- Interactive map of Yerragunta
- Country: India
- State: Telangana
- District: Bhadradri

Languages
- • Official: Telugu
- Time zone: UTC+5:30 (IST)
- PIN: 507316
- Telephone code: 08744
- Vehicle registration: AP 20
- Coastline: 0 kilometres (0 mi)
- Nearest city: Kothagudem(Head quarters of Bhadradri District)
- Lok Sabha constituency: Khammam
- Avg. summer temperature: 48 °C (118 °F)
- Avg. winter temperature: 32 °C (90 °F)

= Yerragunta =

Yerragunta is a village in the Annapu Reddy PaLLI mandal of Bhadradri district in Telangana, India.
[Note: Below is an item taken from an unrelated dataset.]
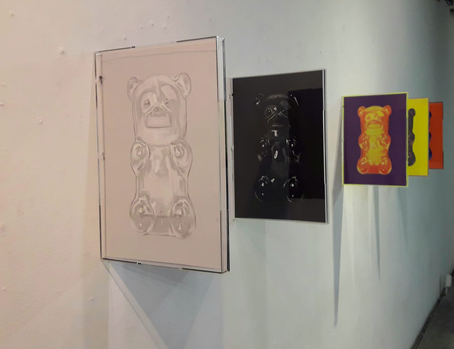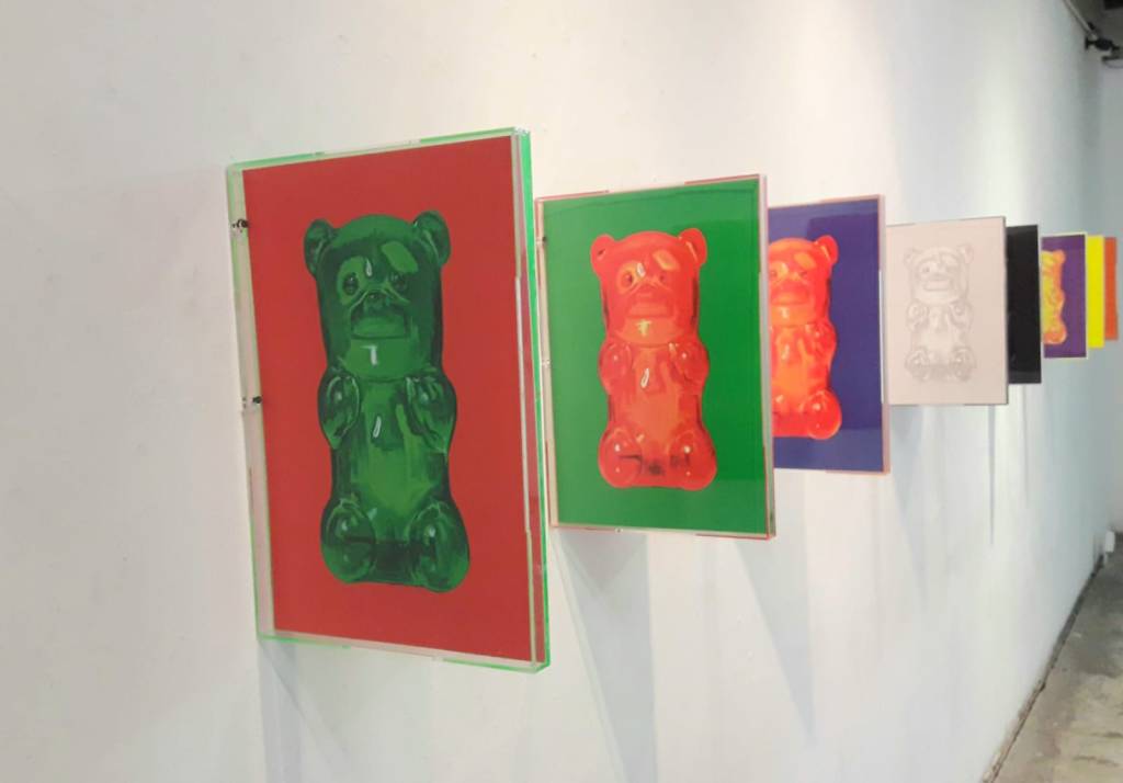 La exposición sorprende con lo que en apariencia, forma y colores son panditas de gomitas, en otra zona son juguetes y animalitos de peluche, todo lleno de intensidad, de ternura y un brillo de alegría.

The population of the village is around 3000. Government primary school and ZPS schools are established to provide education to the children of Yerragunta as well as its surrounding small villages. State government established a PHC for people to get primary health services at free of cost. Vijaya Bank used to operate a branch here from many years but the name has been changed to Bank of Barons recently. Paddy, cotton and mango farming plays predominant role in its economy. Rain fall, tanks and bores are major irrigation sources. Lord Sitarama Temple, Masjid and Saibaba temples are famous in this village. Sankranti, Ramzan, Ganesh chaturdi, Dussera, Sivaratri and Peerla Panduga are famous festivals. This village is well connected to Kothagudem, Sathupalli, Bhadrachalam and Vijayawada through road. Kothagudem railway station which is famously known as Bhadrachalam Road railway station is the only nearest railway station.